Further south, energy infrastructure in Ivano-Frankivsk region was also targeted. Zelenskyy said three people were wounded there, including two children. Across the wider country, he reported injuries in Donetsk region and stated that Kyiv, Mykolaiv, Cherkasy, Chernihiv and Dnipropetrovsk regions had also come under attack during the night.

The overnight barrage followed a separate large-scale strike on Kharkiv on the previous evening. Zelenskyy said “dozens” of people in the city were wounded in that attack, including children, and that energy, transport and other civilian facilities had been hit. Local authorities reported significant damage to buildings and further disruption to power and public services.

In a statement posted on social media, the president said that repeated attacks on residential areas and civilian infrastructure showed that existing international pressure on Russia was not sufficient. He called for tougher sanctions and renewed appeals for additional air defence capabilities, including more missiles, extra systems, greater capacity for Ukraine’s combat aviation and increased production of drones for defensive use.

Zelenskyy argued that strengthening Ukraine’s air defences is essential to reducing the impact of such attacks, saying that Russia must “be held accountable for what it has done” and that Ukraine should focus on everything that enables it to shoot down missiles, neutralise drones and repel assaults along the front. His remarks echo repeated Ukrainian requests over recent months for partners to accelerate deliveries of air defence munitions ahead of winter.
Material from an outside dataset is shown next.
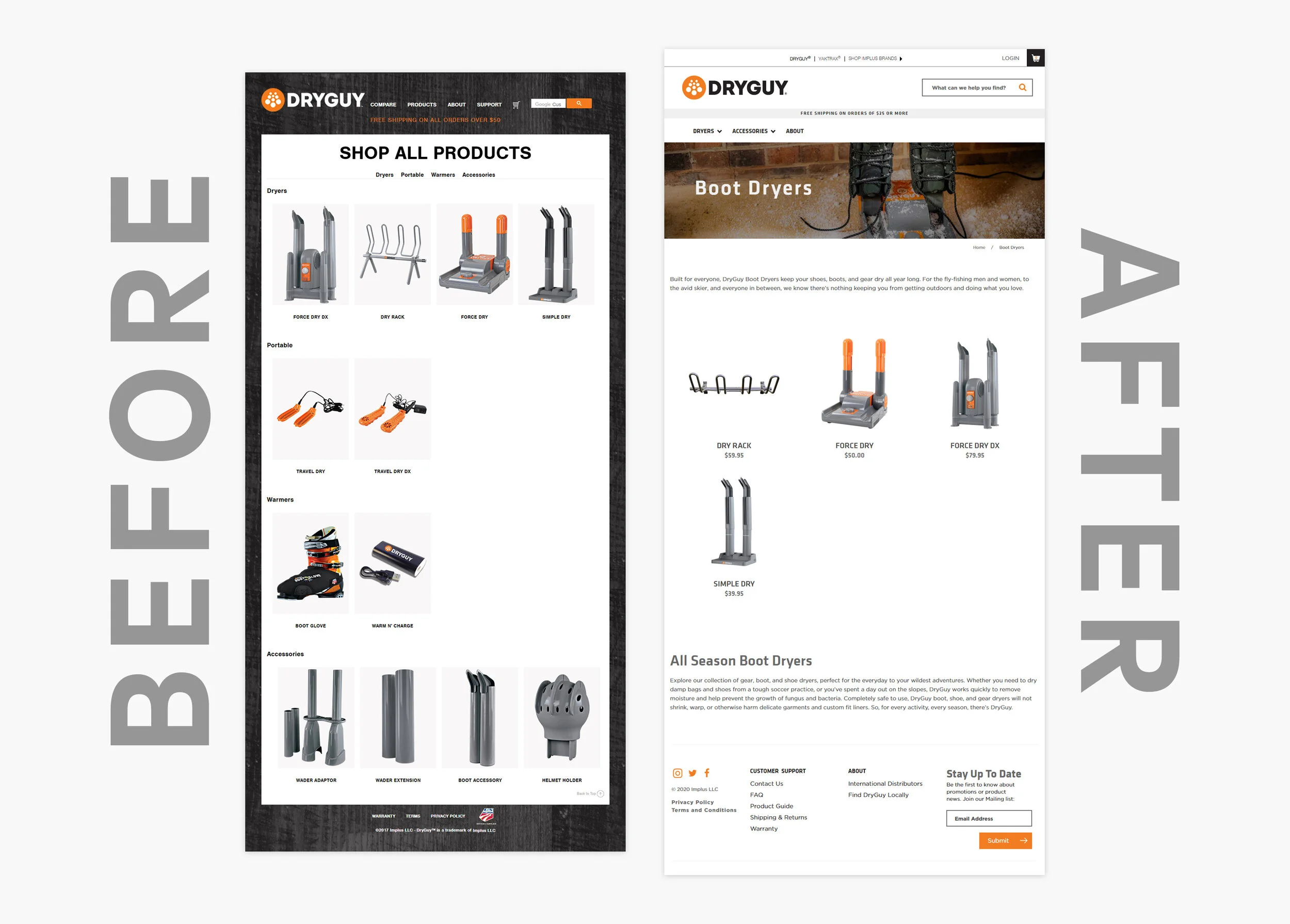 As part of an effort at Implus to enhance and differentiate the DryGuy brand from competitors, the digital team was tasked with re-designing the entire website and updating the brand’s story.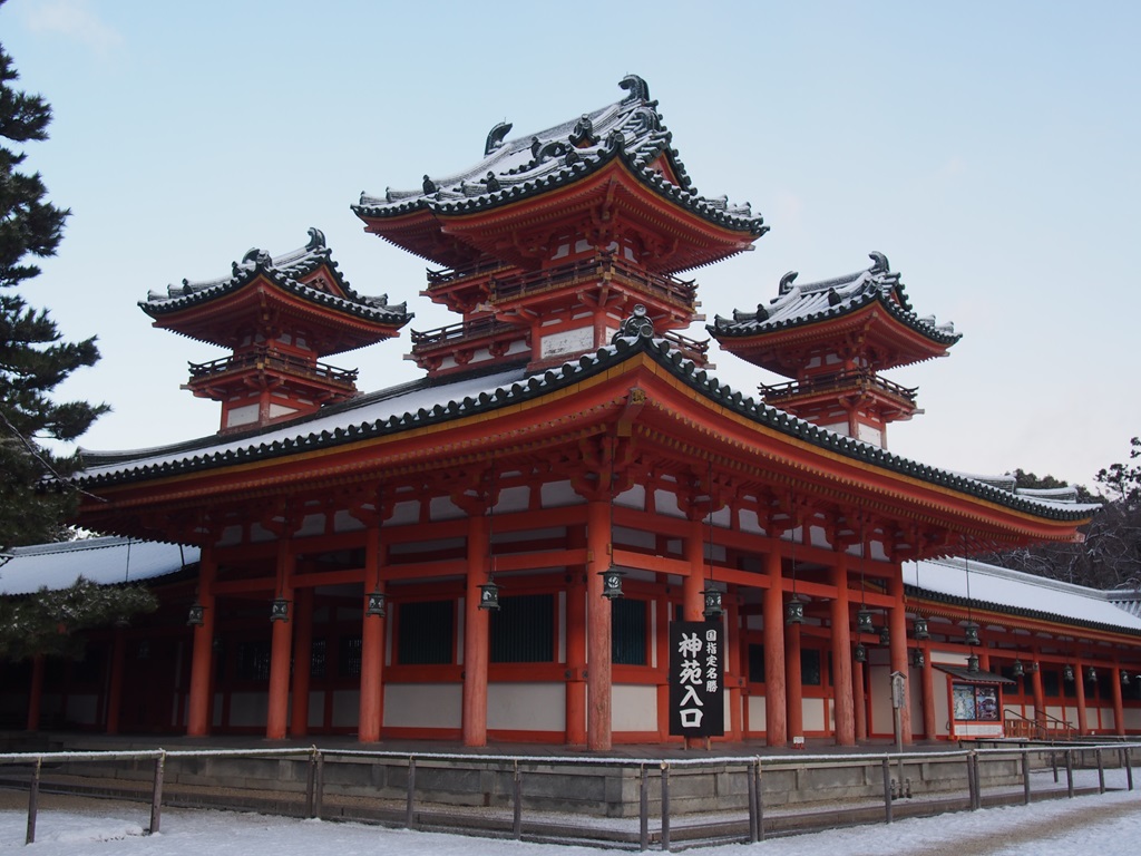 2月14日の京都の雪。平安神宮の雪景色を眺めに行ってきました。

The strikes also had consequences beyond Ukraine’s borders. In neighbouring Poland, authorities temporarily closed the airports in Rzeszów and Lublin in the south-east of the country and scrambled Polish and allied aircraft as a precaution while the attack was under way, amid concern that missiles or drones could again violate NATO airspace.

The latest wave is part of a pattern of large-scale Russian attacks on Ukraine’s power system and cities as colder weather approaches, similar to previous campaigns against the energy grid in late 2024 and renewed high-intensity strikes earlier this year, including the deadly April attack on Kyiv.  Ukrainian officials have warned that repeated damage to generating and transmission facilities increases the risk of prolonged blackouts in the coming months.

With search and rescue operations still under way in Ternopil and assessments of the wider damage ongoing, Ukrainian authorities have not yet provided a final casualty figure. However, officials said the number is expected to rise as emergency services work through the affected sites and more information becomes available from the regions hit overnight.